Fluxless ion beam soldering process

A method for fluxlessly joining members having relatively low melting materials is provided. The members to be joined are exposed to ion beam radiation of sufficient intensity and a time sufficient to cause cleaning of the low melting materials after cooling. The members are then placed into juxtaposition with each other and again exposed to ion beam radiation of an intensity and for a time sufficient to cause reflow of the low melting materials which upon cooling joins said members.

BACKGROUND OF THE INVENTION 
1. Field of the Invention 
The invention relates to a fluxless joining process utilizing ion beam 
milling and reflow techniques. 
2. Prior Art 
In the preparation of present day large scale integration technology, both 
for semiconductor and Josephson type devices, it is necessary to 
interconnect circuit chips to a substrate.

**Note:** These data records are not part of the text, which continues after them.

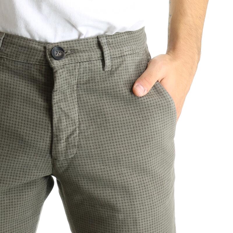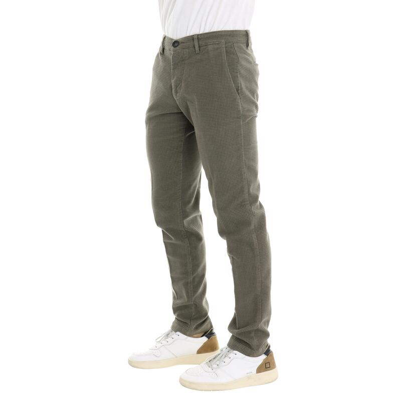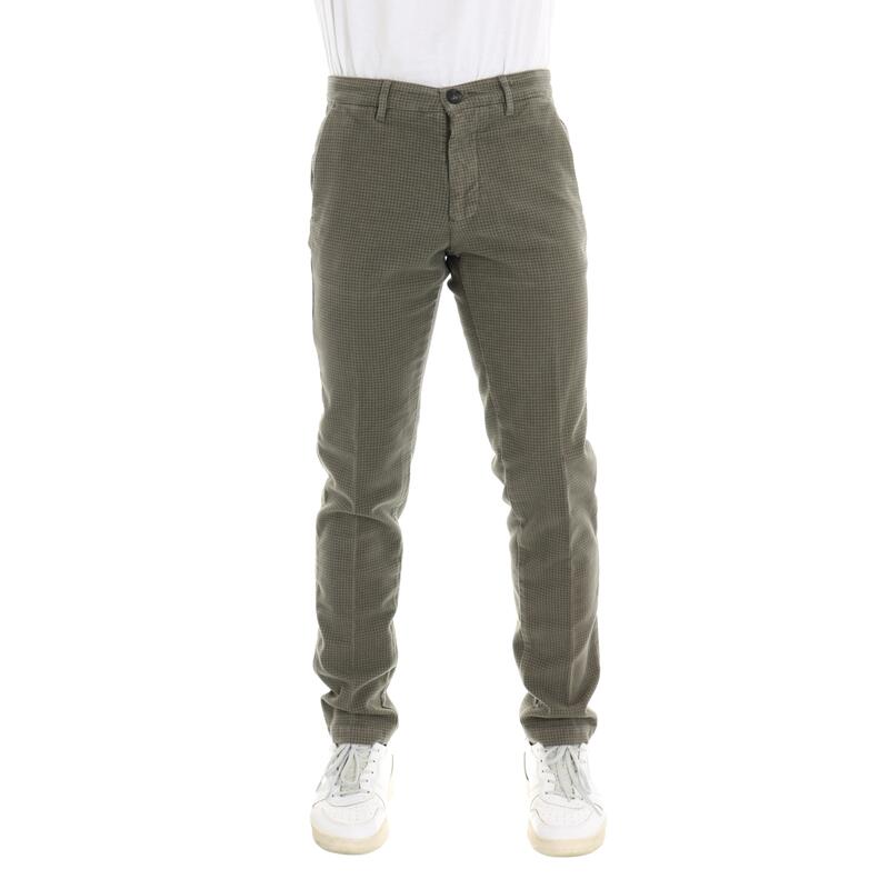 Pantalone in cotone stretch, vita media, tasca america, chiusura con bottone e zip. Vestibilità slim.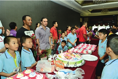 “Hello”、“Nice to meet you”……两位操着纯正美国口音的洋教头一亮相,就引起了“小候鸟”们的一阵骚动。一头卷发、皮肤黝黑的Hopeson来自爱尔兰,第一次来到现场丝毫没有陌生感,一段搞笑中英文单词教学课程极具现场感染力,“小候鸟”们被他逗得乐哈哈。加拿大籍外教Frankie同样受到了孩子们的欢迎,这不光因为他拥有一双极富魅力的蓝眼睛,更重要的是他带来的趣味猜单词游戏,14位“小候鸟”被分成了2组进行两两PK。“这么原汁原味的地道英语以前只在收音机里听过,亲身体会还是头一回。”今年11岁,正在读初一的吴润琪显得很兴奋。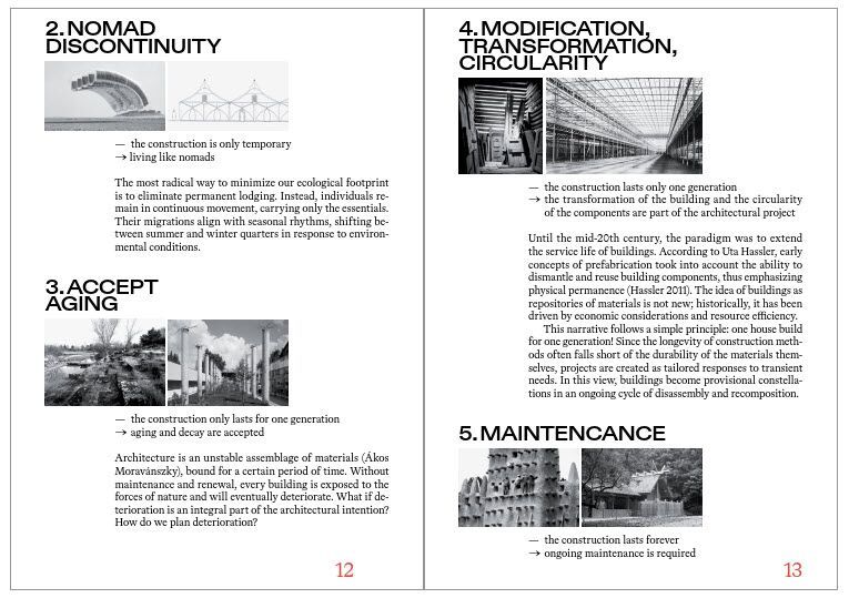 Der Abschnitt «Permanente» widmet sich Strategien der Dauer. Massive Konstruktionen, insbesondere aus Stein, fungieren als strukturelle Reserven, die Nutzung aufnehmen, verändern oder speichern können. Dauer bedeutet hier nicht Stillstand, sondern die Fähigkeit, Wandel auszuhalten. Ergänzt werden die Kapitel durch Essays, Matrizen und Referenzen, die Begriffe wie Alterung, Wartung oder Lebensdauer systematisch einordnen und die Entwürfe theoretisch rahmen.

Normally, solder joints are 
used in order to make these interconnections. The present day procedure 
entails the placement of solder pads on the chip which are to be joined to 
metal or solder pads which have been established in the substrate. The 
solder pads are treated with a wet chemical flux in order to dissolve 
surface oxide which forms thereon. The flux treatment serves to permit 
solder flow upon heating. 
This prior art method has a severe drawback in that the flux is most 
difficult to remove and remanents thereof remain as a corrosive 
contaminant. Additionally, to join the flux treated solder pads it is 
necessary to heat the entire chip assembly. 
More recently, it has been recognized that surface oxide can be removed 
from solder pads by means other than the use of chemical fluxes. For 
example, in the publication to R. J. Herdizik et al., IBM Technical 
Disclosure Bulletin, Vol. 23, #11, April 1981, it is recognized that ion 
milling can be used to effect solder milling i.e., removal of the oxide 
film. The so treated solder is then heated on a heating stage to effect 
solder reflow. 
In U.S. Pat. No. 3,294,951 to K. O. Olson, there is described a method for 
micro-soldering using a finely focused electron beam. This method cannot 
be used for large scale integration as contemplated by the present 
invention. This method cannot separately remove oxides and cause solder 
reflow, as well as it cannot be used to cover large areas simultaneously. 
Additionally, because electron beams are highly energized, they can be 
damaging to sensitive components. 
SUMMARY OF THE INVENTION 
What has been discovered here is that a method for fluxless joining on a 
large scale is obtained through the use of ion beam techniques. The 
joining of solder or metal pads can be effected in a single step or in a 
two step process depending upon the control of the ion beam radiation. 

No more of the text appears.